Il faut dire aussi que le vocable « webdocumentaire » fait, sinon vendre, davantage cliquer qu’un simple site d’informations. Sa forme, qu’on a tôt fait de croire indissociable de la délinéarisation, permet parfois de nommer de ce mot-totem un ensemble de vidéos courtes, sans point de vue documentaire. Dans certains cas, c’est au mieux anecdotique, au pire du réchauffé.

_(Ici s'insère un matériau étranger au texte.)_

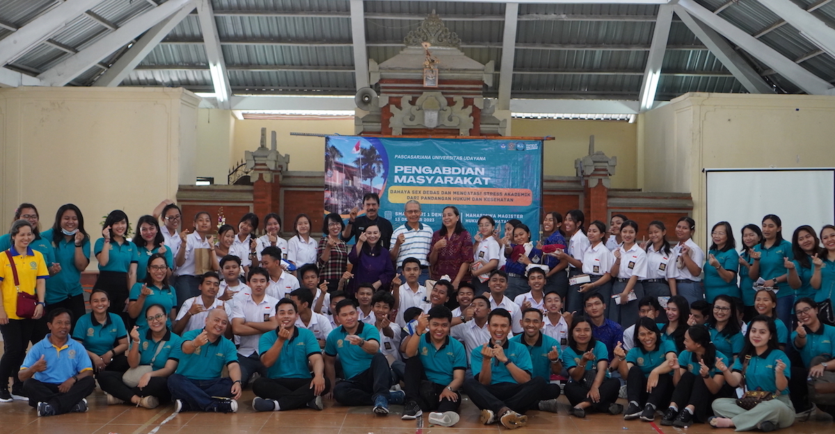 Program Studi Magister Hukum Kesehatan (PSMHKes) Pascasarjana Universitas Udayana (Unud) melaksanakan kegiatan pengabdian kepada masyarakat pada Jumat, 13 Oktober 2023. Kegiatan yang dilaksanakan di Aula SMAN 1 (Smansa) Denpasar ini mengusung tema “Dampak Seks Bebas pada Remaja dan Mengatasi Stres Akademik dari Pandangan Hukum dan Kesehatan”. Selain mahasiswa Magister Hukum Kesehatan Angkatan ke-2, acara ini juga dihadiri dosen-dosen MHKes yang berkesempatan hadir, yaitu Koordinator PSMHKes, Prof. Dr. dr. RA Tuty Kuswardhani, Sp.PD, KGer, M.Kes, MH, Prof. Dr. I Wayan Parsa, SH, M.Hum, Prof. Dr. Ni Ketut Supasti Dharmawan, SH, M.Hum, LLM, Dr. dr. IB Fajar Manuaba, Sp.OG(K) MARS dan Dr. dr. I Gde Sastra Winata, M.Biomed., Sp.OG, Subsp. Onk, dan kegiatan ini juga melibatkan anak kelas X di SMA Negeri 1 Denpasar.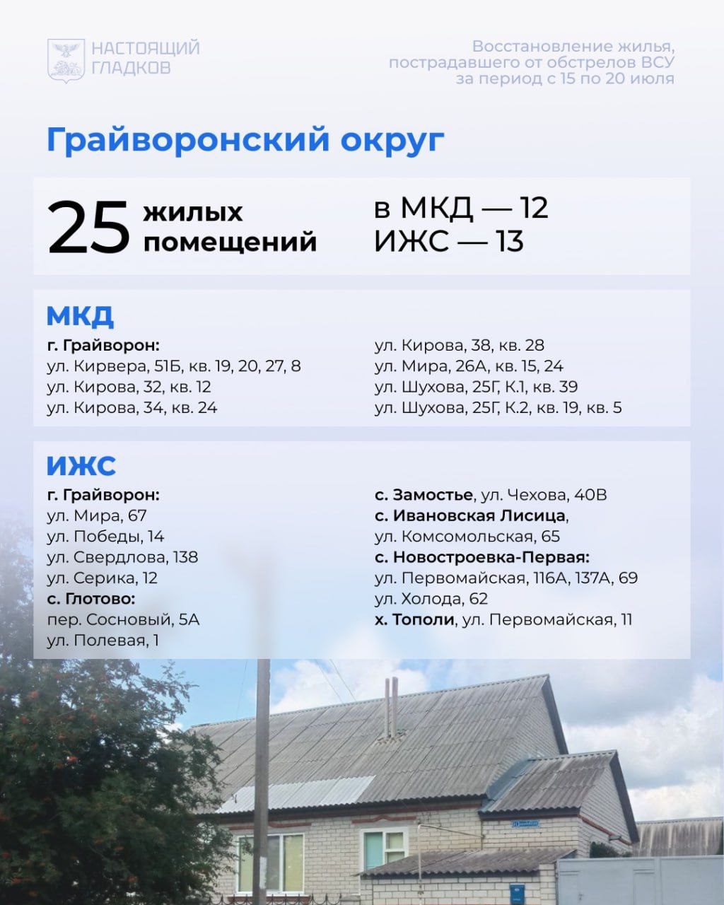 В Грайворонском округе восстановили 25 объектов. За неделю зафиксированы повреждения 20 жилых помещений и пяти автомобилей.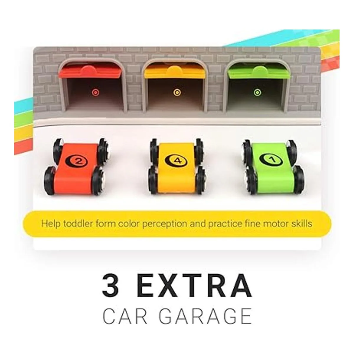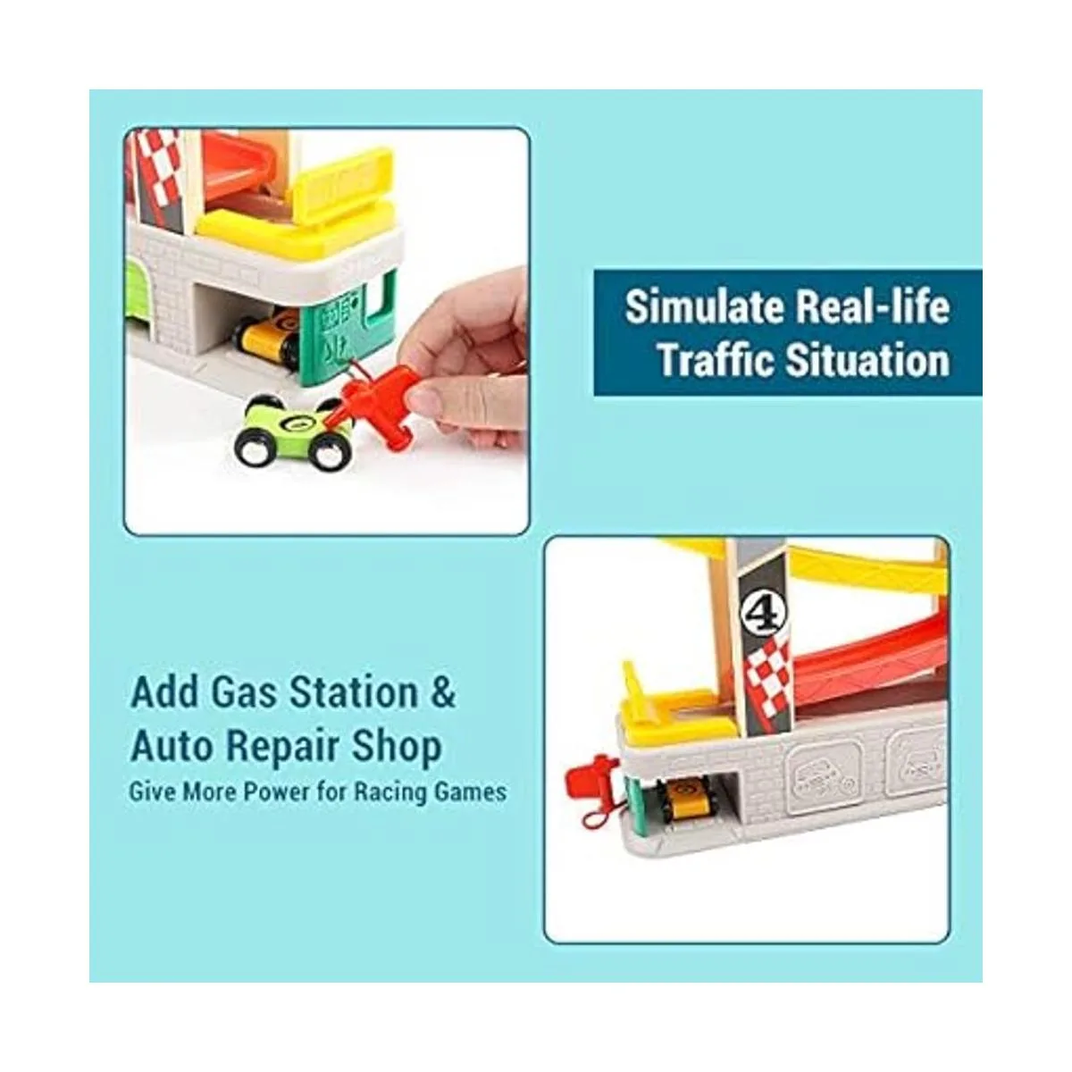TOP BRIGHT Juguetes de rampa de coche para niños pequeños de 2 a 3 años, juguete de auto de pista de carreras para niños pequeños de 2 a 4 años con 4 autos, estacionamiento y gasolinera

Le Zinc, projet initié par les étudiants de l’école de journalisme de Grenoble, vogue entre les deux catégories. Le programme comporte pourtant des gages : hébergé par libération.fr, il est aussi « propulsé » par 3WDoc, l’un des deux outils d’aide à la narration interactive parmi les plus répandus du marché (avec Klynt). On ne peut en vouloir à ce projet d’école d’être succinct : d’une vidéo introductive, l’on est invité dans un « parcours » proposant le témoignage de sept habitants de Grenoble et des environs, dans leurs bars favoris. Chaque rencontre promet à peu près une couleur politique différente. Si le fond de ce qui se dit est relativement anecdotique, la forme, elle, épouse les écueils les plus grossiers de la novlangue journalistique. Ainsi, sept témoignages de quelques minutes nous permettent de partir à la rencontre de la « diversité politique française ». Ainsi, nous pourrons « construire notre conviction » sur la base de sept profils aussi représentatifs que les échantillons des sondeurs. Et, évidemment, les quelques éléments proposés constituent un « parcours » : tout, dans cette façon de présenter les choses, respire le formatage journalistique, dans les expressions et la posture. Le sentiment que laisse le webdoc est bien que le mot, seul, « a fait œuvre » ; qu’il s’est trouvé quelqu’un pour imaginer qu’en « vendant » le projet comme un webdoc, cela permettait d’introduire un peu de nouveauté. Mais la forme ne fait pas le fond, pas plus que l’habit ne fait le moine

Il ne faut guère non plus s’attarder sur les « webdocs » mis en place par Var Matin et La République du Centre. Ma première présidentielle et La présidentielle vue du Loiret sont deux espaces web qui proposent des vidéos tournées par les JRI des deux journaux. Même inscription du programme dans le site sans mode plein écran, même pauvreté dans la mise en espace web : l’essai de La République du Centre, également réalisé avec 3WDoc, propose par exemple une carte de navigation dans le département au design soviétique. L’analyse paraît sévère mais elle est à la mesure de l’inadaptation du mot « webdocumentaire » à ce genre de programmes. Si ces deux journaux régionaux s’ouvraient aux projets web sans user du mot à des fins marketing (et le fait qu’il soit repris par exemple sur www.webdocu.fr à un même niveau de lecture que, disons, les œuvres de l’ONF, n’aide pas à la compréhension du marché), on n’y trouverait rien à redire. Cette dénomination ne peut donc que les desservir. Car si la courte histoire du webdoc s’écrit dans la filiation d’un Gaza/Sedrot ou d’un In Situ, et que l’on se nomme comme tel, l’on s’expose donc à être jugé selon les mêmes critères…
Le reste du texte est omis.